BSD 2-Clause "Simplified" License

4 stars 4 forks source link

Hi, I've been trying to make use of the package on the operando fuel cell dataset provided by TomoBank HERE, just below the foam data that was demonstrated in the Nikitin et al. paper. The dataset has the dimensions (ntheta, nz, n) = (18060, 1100, 1440), with ntheta = nprojections ntimesteps = 301 60. The sample recon script provided HERE circumvents limited RAM issues for the Tomopy/ASTRA Toolbox recon algorithms by processing the dataset in chunks of 8 sinograms/slices at a time, i.e. (18060, 8, 1440) per iteration. This has worked fine with the CUDA-accelerated iterative SIRT/MLEM algorithms.

I've adapted the now-deprecated rectv parts of script to the current build of rectv_gpu and am attempting to run it on a 16GB Tesla V100 (50+ GB of RAM). However, even down to a chunk size of 1, I'm still maxing out my GPU memory and getting a "Segmentation fault (core dumped)" error at the rectv_gpu.Solver.recon step, so I'm considering batching by time steps as well to further minimize the memory issue. Also, when I do get outputs, they're all-zeros or black output images. For reference, I've tested the foam data notebook example and it works fine.

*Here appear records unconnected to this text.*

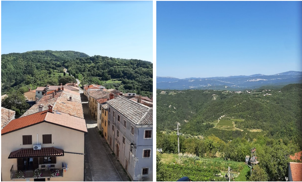
Slika 27. i 28. Pogled iz dragučskog zvonika na istočnu i sjevernu stranu.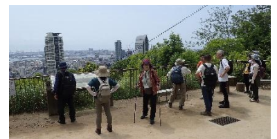
途中の「みはらし展望台」 から神戸の街を一望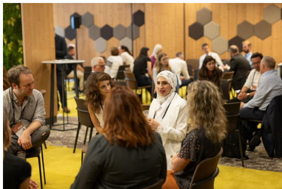
"Fishbowl" razprave

Interaktivna »živa knjižnica« je bila še ena inovacija letošnjega foruma. Udeležencem je omogočila neposredne in osebne pogovore z ljudmi, ki so delili svoje izkušnje o migraciji, begu in integraciji. Med »knjigami« oziroma govorniki so bili posamezniki iz različnih okolij – od ljudi, ki so preživeli vojno in begunsko pot, do strokovnjakov, ki se ukvarjajo z migracijskimi politikami na globalni ravni. Ta edinstvena oblika razprav je udeležencem omogočila, da so pridobili neposreden vpogled v izzive in težave, s katerimi se soočajo migranti, pa tudi v kompleksnost vodenja migracijske politike.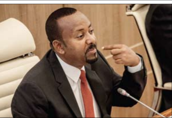
رئيس الوزراء الإثيوبي يلقي كلمة أمام جلسة للبرلمان في أديس أبابا

أعلن الأسطول الخامس بالبحرية الأمريكية، الثلاثاء، أنه اعترض سفينة صيد كانت تهرب كميات ضخمة من المواد المتفجرة أثناء عبورها من إيران على طريق خليج عمان يستخدم لتهريب الأسلحة إلى جماعة الحوثيين.

Am I doing anything wrong in the workflow below? Would batching by time steps affect the performance of this algorithm if I technically have motion at all timesteps? And if not, any suggestions for what I should be doing instead?

h5name = "fuelcell_i2.h5"
nproj = 301
ntimesteps = 60
rot_center = 702
chunksize = 2
frame = 0

data_size = get_dx_dims(h5name, 'data')

# Select sinogram range to reconstruct.
sino_start = 0
sino_end = data_size[1]

# Split sinograms into chunks to reconstruct to accommodate limited RAM
chunks = int(data_size[1] / chunksize) 
nSino_per_chunk = (sino_end - sino_start) / chunks

strt = 0
for iChunk in range(0, chunks):
    sino_chunk_start = sino_start + nSino_per_chunk * iChunk 
    sino_chunk_end = sino_start + nSino_per_chunk * (iChunk+1)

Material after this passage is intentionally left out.